Caitlin Sykes

Caitlin Sykes is the NZ Herald's Your Business editor

Small business: End of financial year - Annie Quested

Annie Quested, Raygas.
Annie Quested, Raygas.

Can you tell me a bit about your business?

We are a Wellington-based plumbing and gas fitting firm. My father, Ray, started the business in the Wairarapa nine years ago and we moved into Wellington nearly three years ago. The business consists of me, Dad - who is about to retire - and my brother Paul, who is a registered plumber and gas fitter. We are also just about to employ another plumber.

What does the end of the financial year mean for you in the business?

The biggest issue for us with the end of financial year is finding the time to do everything that needs to be done, while still providing excellent customer service and running the day-to-day business. I do everything that is office based and am also out in the field quoting so, as you can imagine, just managing the day-to-day is a full-on job. When you add end of year, things become really hectic.
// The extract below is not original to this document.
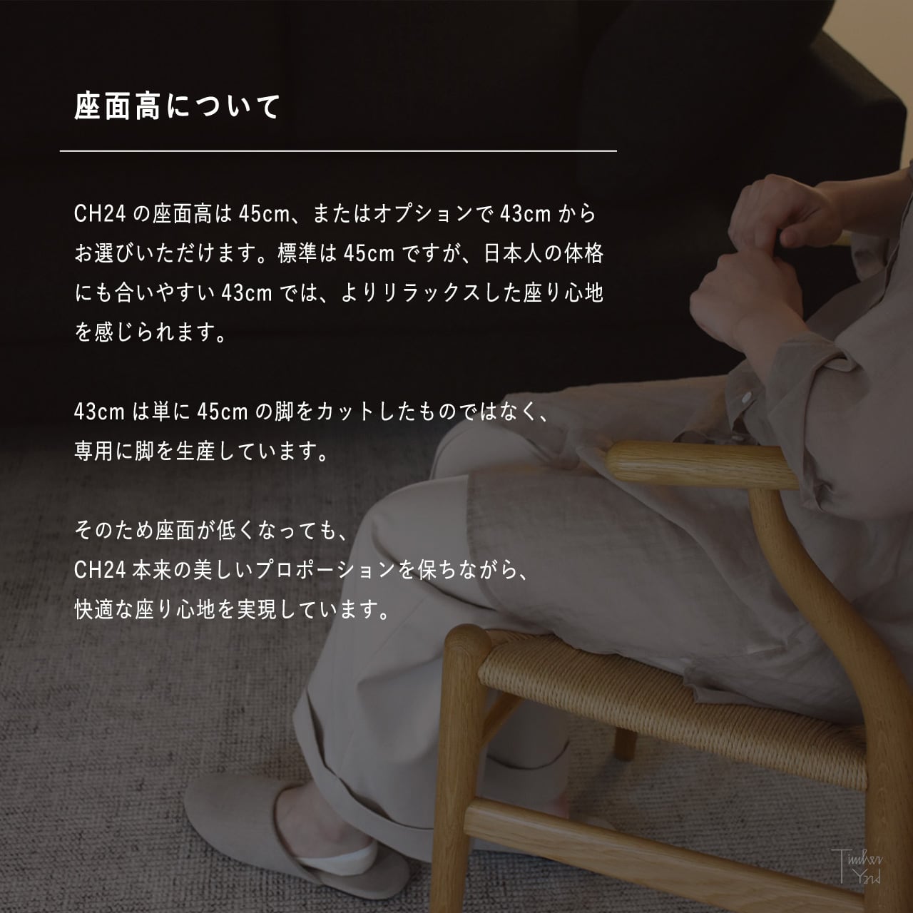 座った時の安定性と心地よい使用感。背もたれは、背中の気持ちの良いところに当たり、座面のペーパーコードは身体をじんわりと受け止めます。またペーパーコードが使うたびにその人の体になじみ、よりしっくりとくる座り心地に変化していきます。日本において、ダイニングチェアとして多くの人に親しまれているYチェア。実はゆったりとくつろげる”ラウンジチェア”としてデザインされています。ひとたび手に入れれば、使用の幅は広く、空間のアイコンとしてもお愉しみいただけます。

What are some of your strategies for easing the pressure at this time of year?

The best thing we have ever done was move to a cloud-based accounting system that links to our accountant. We used to do everything manually on spreadsheets, which meant end of year was very time consuming. Now, because I code everything as it comes in, apart from making adjustments and discussing things with the accountant, the process is much more streamlined.

Is this also a time for reflection in the business or perhaps looking forward and planning or goal setting for the year ahead?

Absolutely. We review our business plan and goals every month, but the end of the year is a time to reflect on what worked well the year before, what we will do again for the next year and also what new initiatives or plans we need to put in place. My father is a prolific inventor; one of his inventions won a gold award for gas safety back in the eighties and we have recently licensed another of his designs to a large multinational. This means we always have new products and plans to be working on for the next year. It keeps things interesting, if not a little stressful at times!

What are your top tips for dealing with the end of the financial year?

Get a really good accountant - they are worth the money! We pay our accountant on a monthly, direct-debit basis so we don't get a shock at the end of the year and this works really well for us.

Move your accounts to a cloud-based system. Our accountant has access to this as well so they can review things at any time of the year.

Code invoices and expenses as you do them or receive them. That way, at the end of the year everything is in the correct place and it's much, much easier for the accountant to prepare the accounts, which, in turn, costs you less.